** Records for the task follows **
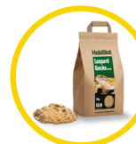
Leopard Gecko Bedding 5 kg
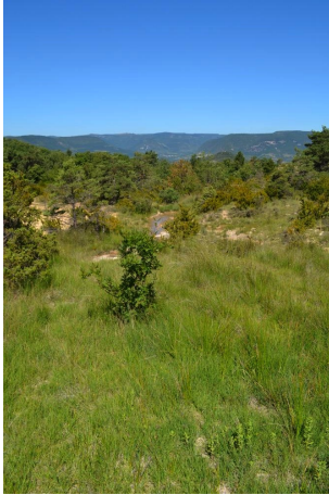
Zone humide de pente à Choin noir, le 05/07/2017 par Jérémy Cuvelier.
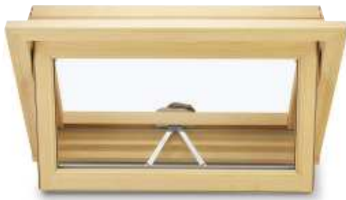
Pivotants horizontaux Awning Window
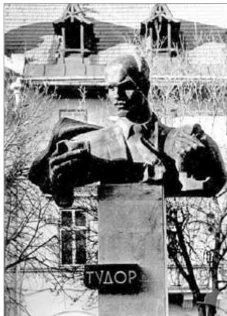
Помнік Сцяпану Тудору ў Львове.

Праграма і задачы арганізацыі былі сфармуляваны на першым з’ездзе ў 1930 г.: асвятленне бядотнага становішча працоўных, рэвалюцый-
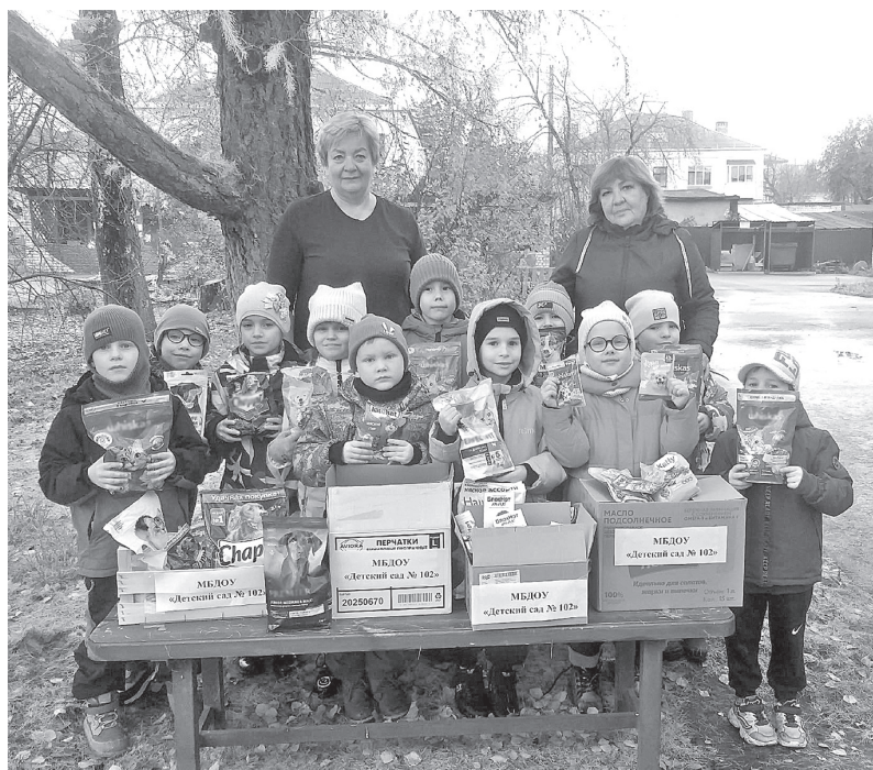
Детский сад № 102 присоединился к благотворительной акции

Не менее значимо развитие гражданской активности. Ребята видят, что их совместные усилия приносят реальные результаты. Они понимают, что могут влиять на мир вокруг себя и делать его лучше.
** End of Records for the task **
**What is required**
Output the records above exactly as written, but leave out the pictures.

**Task answer**
Leopard Gecko Bedding 5 kg
Zone humide de pente à Choin noir, le 05/07/2017 par Jérémy Cuvelier.
Pivotants horizontaux Awning Window
Помнік Сцяпану Тудору ў Львове.

Праграма і задачы арганізацыі былі сфармуляваны на першым з’ездзе ў 1930 г.: асвятленне бядотнага становішча працоўных, рэвалюцый-
Детский сад № 102 присоединился к благотворительной акции

Не менее значимо развитие гражданской активности. Ребята видят, что их совместные усилия приносят реальные результаты. Они понимают, что могут влиять на мир вокруг себя и делать его лучше.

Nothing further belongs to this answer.